7. A method for manufacturing a broadband cholesteric polarizer comprising:positioning a layer of reactive material; irradiating said layer of reactive material; directing, at a first side of said layer, a monochromatic beam of light of a given wavelength toward said layer with a radiation profile whose intensity varies over the layer so that the layer is polymerized to an optically active layer of polymer material; and wherein said second side and said first side are at a same side, and a detecting act detects a detected intensity of light of said given wavelength reflected from said layer.

8. The method of claim 7, further comprising:controlling input intensity of radiation to which said layer is exposed from a radiation source that performs the irradiating act; and increasing the input intensity in response to an increase in said detected intensity.

9. The method of claim 1, wherein said second side is opposite to said first side, and the detecting act detects said detected intensity of light of said given wavelength transmitted from said layer.

10. The method of claim 9, further comprising:controlling input intensity of radiation to which said layer is exposed from a radiation source that performs the irradiating act; and increasing the input intensity in response to a decrease in said detected intensity.

11. The method of claim 1, further comprising:controlling input intensity of radiation to which said layer is exposed from a radiation source that performs the irradiating act; and changing the input intensity in response to a change in said detected intensity.

12. A method for manufacturing a broadband cholesteric polarizer comprising:passing a substrate through a radiation compartment; irradiating said substrate by an input radiation from a radiation source; directing, at a first side of said layer, a monochromatic beam of light of a given wavelength into said radiation compartment toward said substrate with a radiation profile whose intensity varies over the layer so that the layer is polymerized to an optically active layer of polymer material; and detecting, at a second side of said layer, a detected intensity of light of said given wavelength coming from said substrate.

13. The method of claim 12, wherein the detecting act is performed by a photodetector, and further comprising filtering said input radiation from said radiation source by an optical filter arranged between said radiation source and said substrate, said optical filter being displaceable by said photodetector.

14. The method of claim 12, wherein the detecting act is performed by a photodetector, and further comprising filtering said input radiation from said radiation source by an optical filter arranged between said radiation source and said substrate, said optical filter having a transmission which is adjustable by said photodetector.

15. The method of claim 12, further comprising:controlling input intensity of said input radiation; and changing the input intensity in response to a change in said detected intensity.

16. A method of manufacturing a broadband cholesteric polarizer comprising;passing a substrate through a radiation compartment; irradiating said substrate by an input radiation from a radiation source; directing, at a first side of said layer, a monochromatic beam of light of a given wavelength into said radiation compartment toward said substrate; and wherein said second side and said first side are at a same side, and a detecting act detects a detected intensity of light of said given wavelength reflected from said substrate.

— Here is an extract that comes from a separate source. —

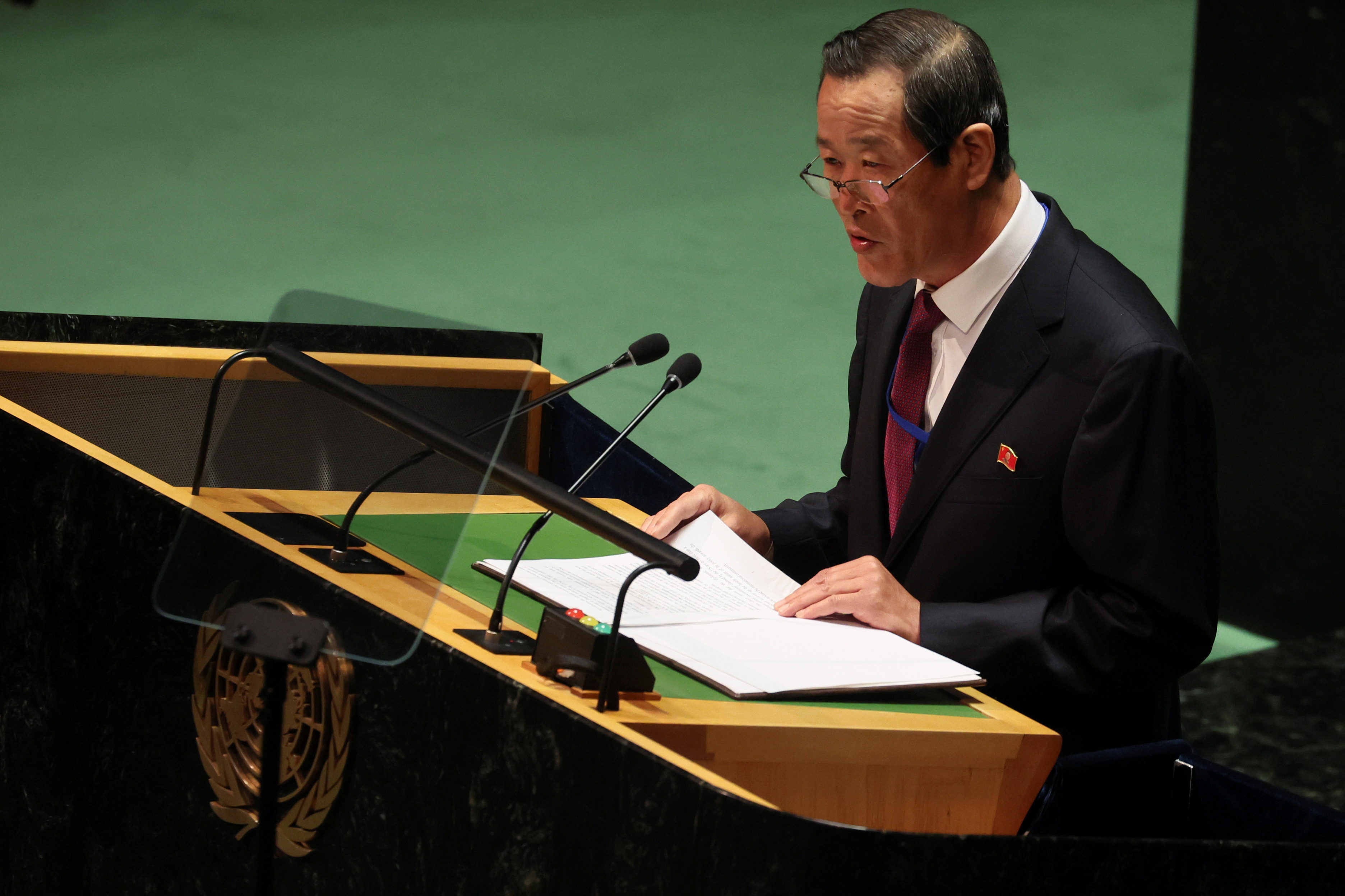 韩国驻联合国大使赵铉在中国和俄罗斯否决联合国安理会对朝鲜实施新制裁后,在纽约市联合国总部举行的联合国大会上发言,2022年6月8日。路透社/迈克·塞加尔/档案照片

17. The method of claim 12, further comprising:controlling input intensity of said input radiation; and increasing the input intensity in response to an increase in said detected intensity.

18. The method of claim 12, wherein said second side is opposite to said first side, and the detecting act detects said detected intensity of light of said given wavelength transmitted from said substrate.

19. The method of claim 12, further comprising:controlling input intensity of said input radiation; and increasing the input intensity in response to a decrease in said detected intensity.